* Your assignment
With the pictures left out, print exactly the lines below that run from the one containing "The budget can" through the one containing "02月15日MTBE價(jià)格7120.00元/噸 5天上漲3.94%".

* Records
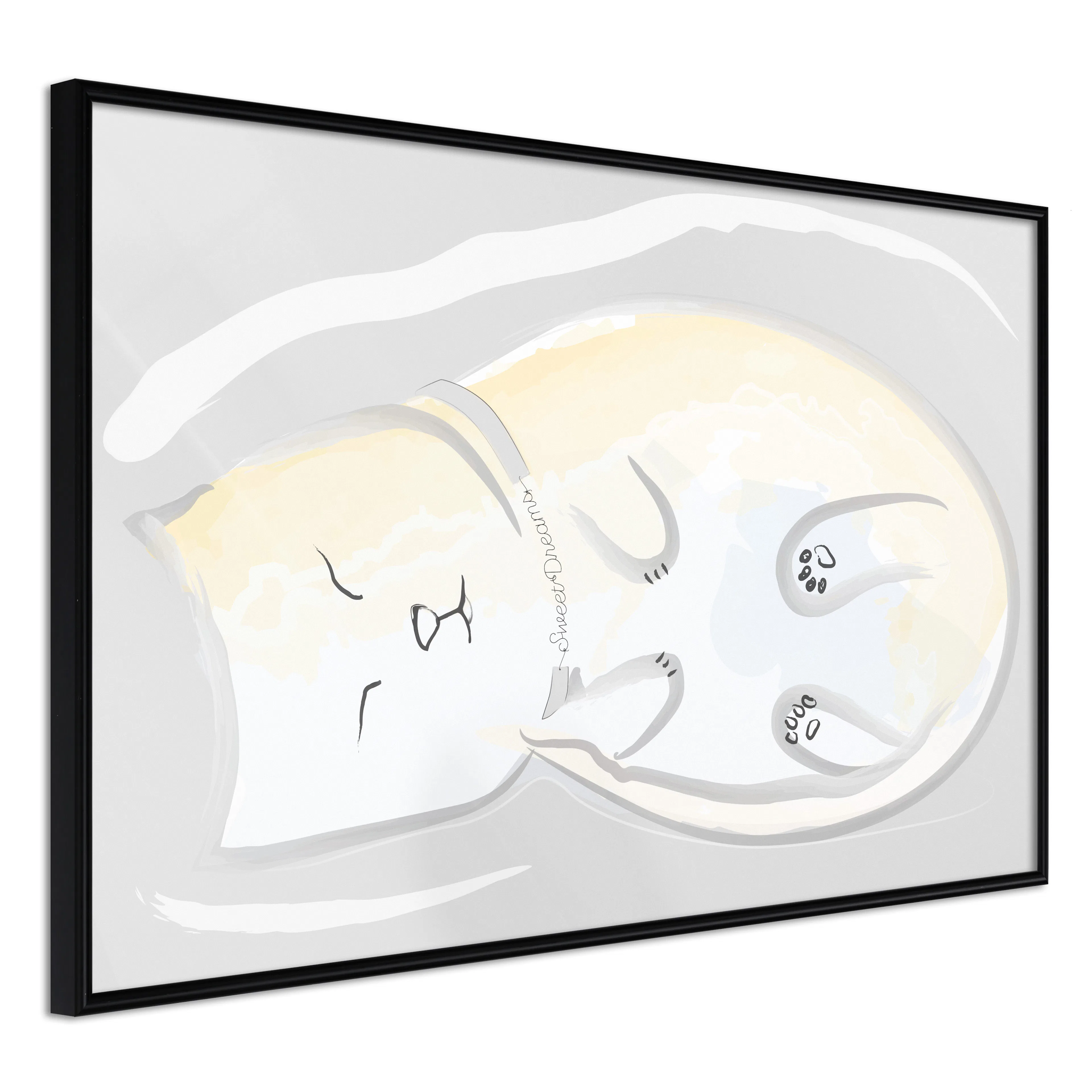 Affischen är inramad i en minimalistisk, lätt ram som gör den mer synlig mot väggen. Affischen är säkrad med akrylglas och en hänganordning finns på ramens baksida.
...
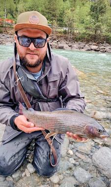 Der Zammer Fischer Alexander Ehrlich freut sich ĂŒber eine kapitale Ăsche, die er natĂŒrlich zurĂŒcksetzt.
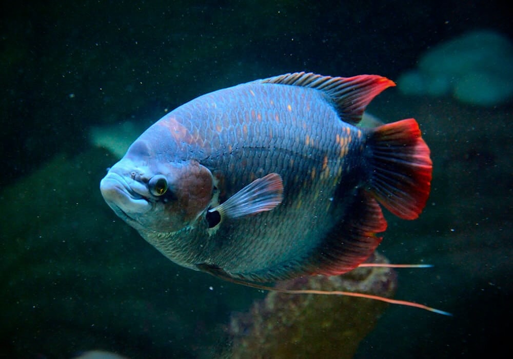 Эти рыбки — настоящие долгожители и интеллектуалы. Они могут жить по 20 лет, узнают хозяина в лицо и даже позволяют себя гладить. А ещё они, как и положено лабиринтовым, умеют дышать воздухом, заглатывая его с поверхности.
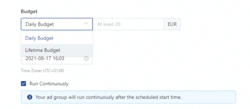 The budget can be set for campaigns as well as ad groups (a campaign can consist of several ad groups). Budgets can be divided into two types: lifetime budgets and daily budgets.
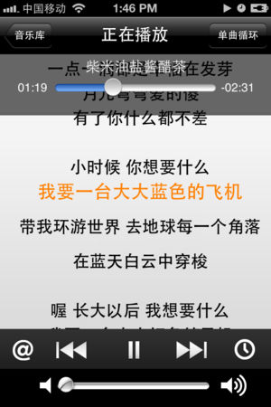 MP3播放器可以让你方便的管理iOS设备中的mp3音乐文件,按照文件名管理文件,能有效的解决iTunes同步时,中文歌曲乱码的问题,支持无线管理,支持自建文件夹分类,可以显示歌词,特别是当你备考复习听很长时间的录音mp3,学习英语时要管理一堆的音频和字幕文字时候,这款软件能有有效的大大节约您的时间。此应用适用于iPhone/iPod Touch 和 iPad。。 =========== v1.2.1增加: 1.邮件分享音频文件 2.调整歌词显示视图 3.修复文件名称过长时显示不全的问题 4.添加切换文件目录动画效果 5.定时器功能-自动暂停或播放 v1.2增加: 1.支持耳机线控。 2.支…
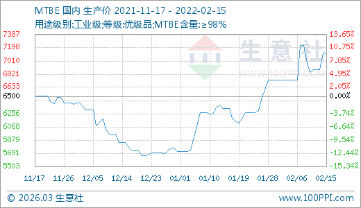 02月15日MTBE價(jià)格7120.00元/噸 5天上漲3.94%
--
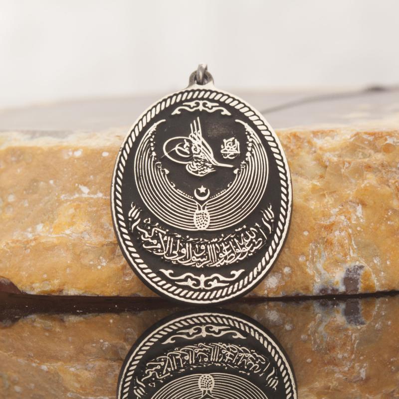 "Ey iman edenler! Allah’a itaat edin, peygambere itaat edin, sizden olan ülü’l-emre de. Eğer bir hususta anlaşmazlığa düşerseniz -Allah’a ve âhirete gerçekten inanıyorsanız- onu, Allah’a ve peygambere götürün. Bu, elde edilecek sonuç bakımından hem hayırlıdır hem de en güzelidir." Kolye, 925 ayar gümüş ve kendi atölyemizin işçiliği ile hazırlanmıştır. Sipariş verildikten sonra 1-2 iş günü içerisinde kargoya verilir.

* Your solution
 The budget can be set for campaigns as well as ad groups (a campaign can consist of several ad groups). Budgets can be divided into two types: lifetime budgets and daily budgets.
 MP3播放器可以让你方便的管理iOS设备中的mp3音乐文件,按照文件名管理文件,能有效的解决iTunes同步时,中文歌曲乱码的问题,支持无线管理,支持自建文件夹分类,可以显示歌词,特别是当你备考复习听很长时间的录音mp3,学习英语时要管理一堆的音频和字幕文字时候,这款软件能有有效的大大节约您的时间。此应用适用于iPhone/iPod Touch 和 iPad。。 =========== v1.2.1增加: 1.邮件分享音频文件 2.调整歌词显示视图 3.修复文件名称过长时显示不全的问题 4.添加切换文件目录动画效果 5.定时器功能-自动暂停或播放 v1.2增加: 1.支持耳机线控。 2.支…
 02月15日MTBE價(jià)格7120.00元/噸 5天上漲3.94%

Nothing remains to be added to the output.